In response to questions about the current status of CGI’s partnerships with housing authorities, CGI spokeswoman Linda Odorisio said: “CGI’s systems and consulting services have been recognized by federal, state and local agencies as a key tool in helping public housing agencies operate more efficiently and effectively.”

Technically, it’s possible for CGI to also work with the statewide housing agencies that would be advantaged if HUD wins at the Court of Appeals, and hang on to the business it’s so carefully developed. But according to Rieman, whose organization represents those agencies, CGI has preferred to work with local entities — who may see the contract more as a business proposition than a way to serve residents.

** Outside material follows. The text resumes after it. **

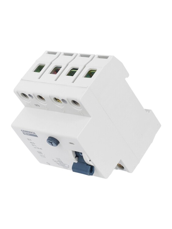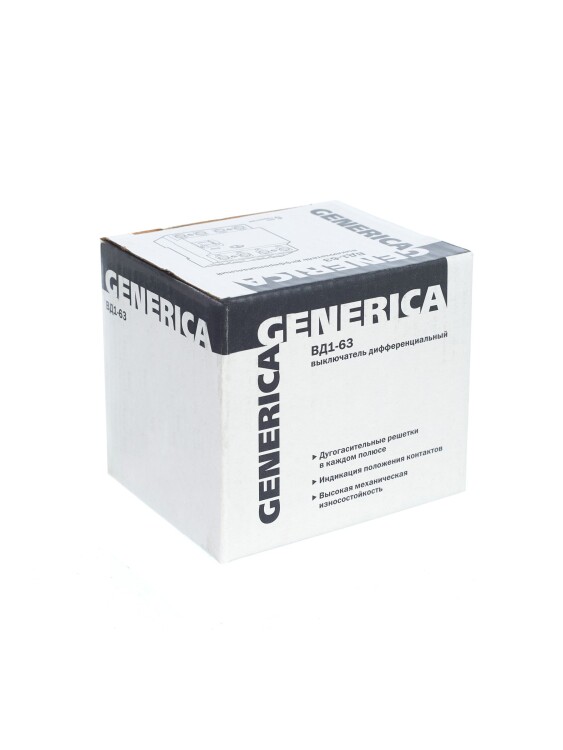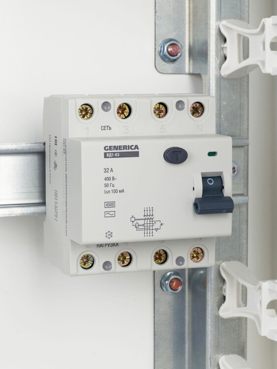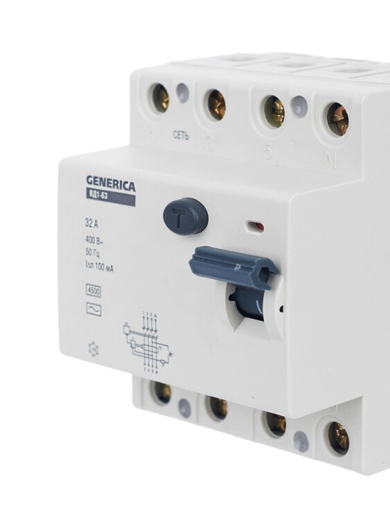 Быстродействующий защитный выключатель ВД1-63 (УЗО) GENERICA - устройство электронного типа, зависящее от напряжения и реагирующее на дифференциальный ток, без встроенной защиты от сверхтоков. Предназначен для защиты человека от поражения электрическим током.
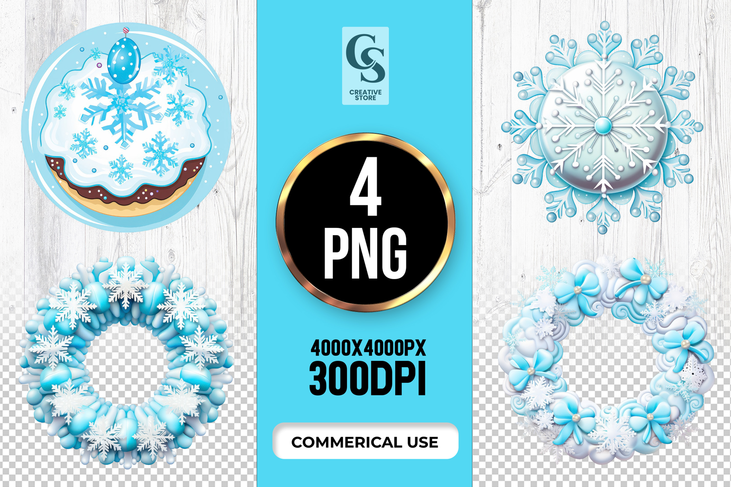 4 Blue Snowflake Wreath Clipart Sublimation PNG Files Perfect for Greeting Cards, Invitations, Junk Journal, Party Decor, Scrapbooking and many other craft projects.

“Does the system make sure that the entity administering the program has a full enough public purpose and affordable housing mission to ensure that the services are being done with that intent, and not just a narrower profit making enterprise with a private sector firm?” Rieman asks. “Our view is they are taking all steps necessary to preserve their opportunity to participate in this program in the way that they want to.”

Which doesn’t mean CGI is doing anything illegal. It’s just the cost of getting — and keeping — business.